## Work required:
Print out the data below in full and exactly, skipping the pictures.

## Given material:
────────────────
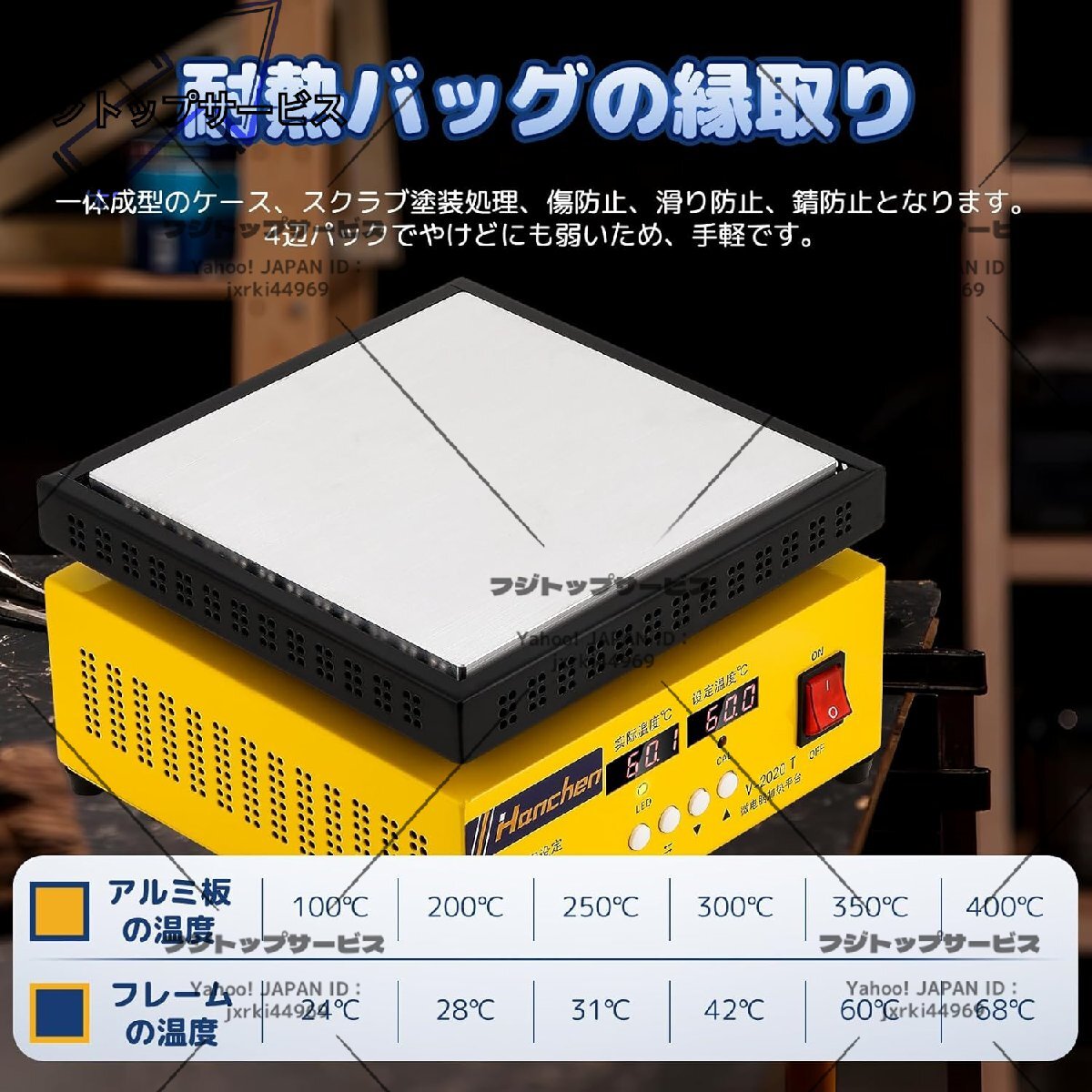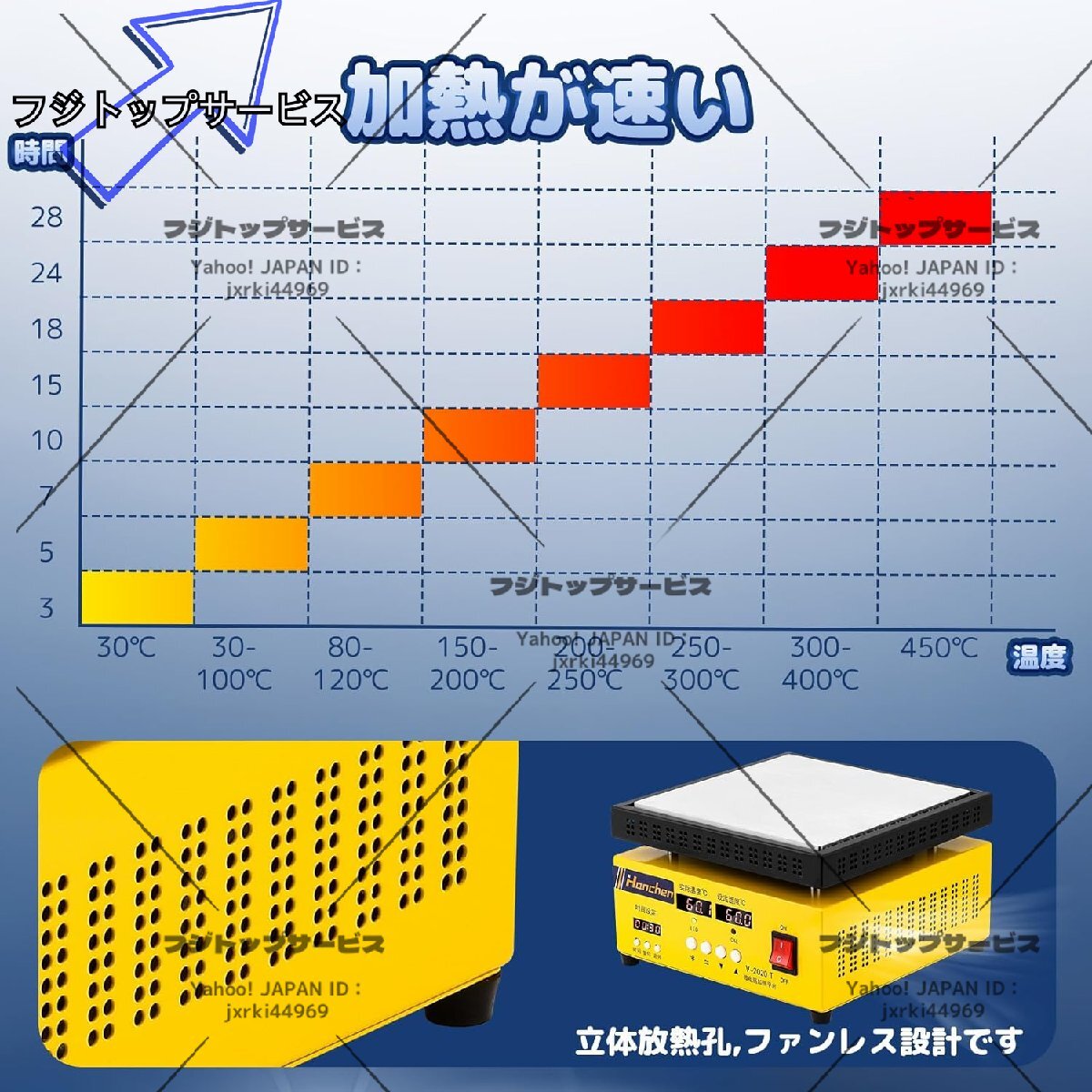 【幅広い用途】室温から400℃まで、わずか24分で昇温。液体の加熱、試薬の加熱、スマートフォン修理、回路基板の予熱、はんだ付け、金型の予熱、金属の予熱などに使用できます。頻繁に使用する場合は、複数の台を交互に使用しましょう。そうすることで、機器の寿命を長くすることができます
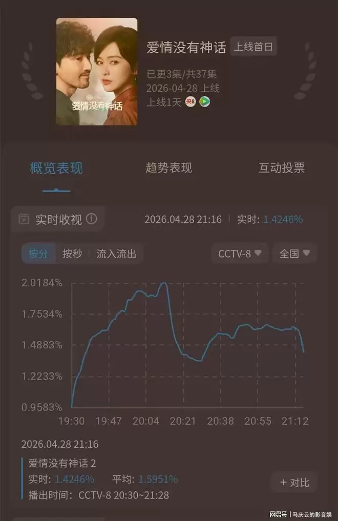 收视数据很快给出了市场的初步反应。根据酷云实时数据显示,该剧首集峰值收视率未能突破2%,甚至不及此前口碑欠佳的《八千里路云和月》。更值得注意的是,第二集的实时收视率较之首集出现了明显下滑。这通常是一个清晰的信号:首集内容未能留住观众,导致大量观众在开局后便选择了弃剧。照此趋势,这部剧很可能创下近期同类剧集的收视新低。
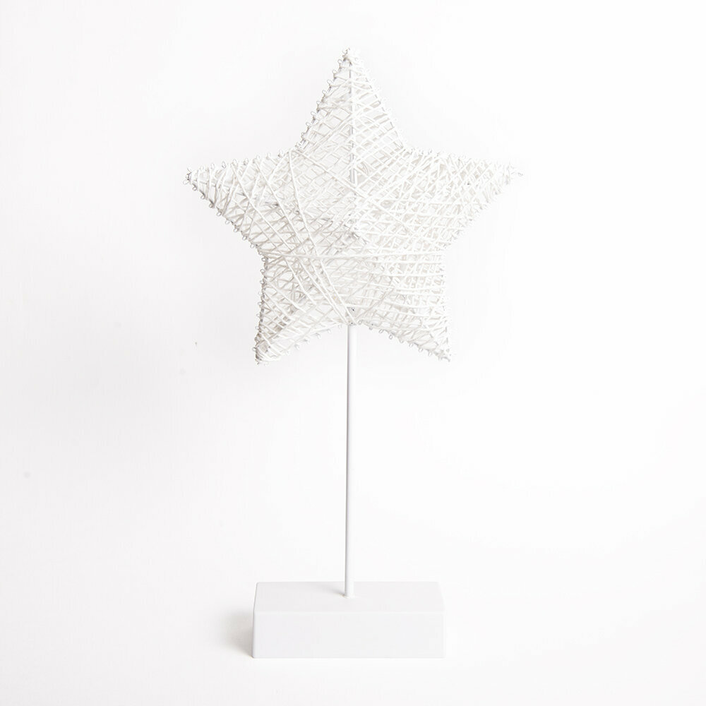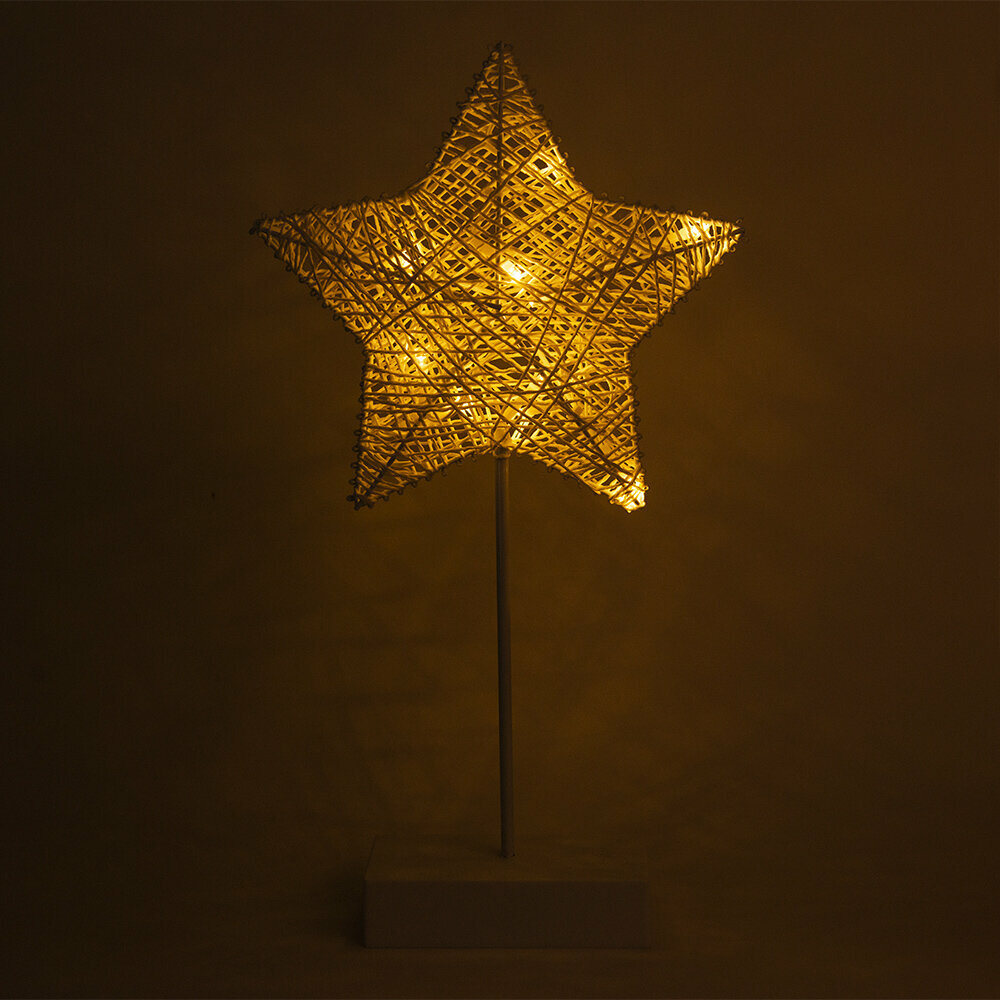 Светильник выполнен в форме звезды на подставке, сплетенной из нитей искусственного ротанга. Этот материал не только придает изделию уникальный и привлекательный вид, но и обеспечивает его долговечность и надежность.
────────────────
## Answer:
 【幅広い用途】室温から400℃まで、わずか24分で昇温。液体の加熱、試薬の加熱、スマートフォン修理、回路基板の予熱、はんだ付け、金型の予熱、金属の予熱などに使用できます。頻繁に使用する場合は、複数の台を交互に使用しましょう。そうすることで、機器の寿命を長くすることができます
 收视数据很快给出了市场的初步反应。根据酷云实时数据显示,该剧首集峰值收视率未能突破2%,甚至不及此前口碑欠佳的《八千里路云和月》。更值得注意的是,第二集的实时收视率较之首集出现了明显下滑。这通常是一个清晰的信号:首集内容未能留住观众,导致大量观众在开局后便选择了弃剧。照此趋势,这部剧很可能创下近期同类剧集的收视新低。
 Светильник выполнен в форме звезды на подставке, сплетенной из нитей искусственного ротанга. Этот материал не только придает изделию уникальный и привлекательный вид, но и обеспечивает его долговечность и надежность.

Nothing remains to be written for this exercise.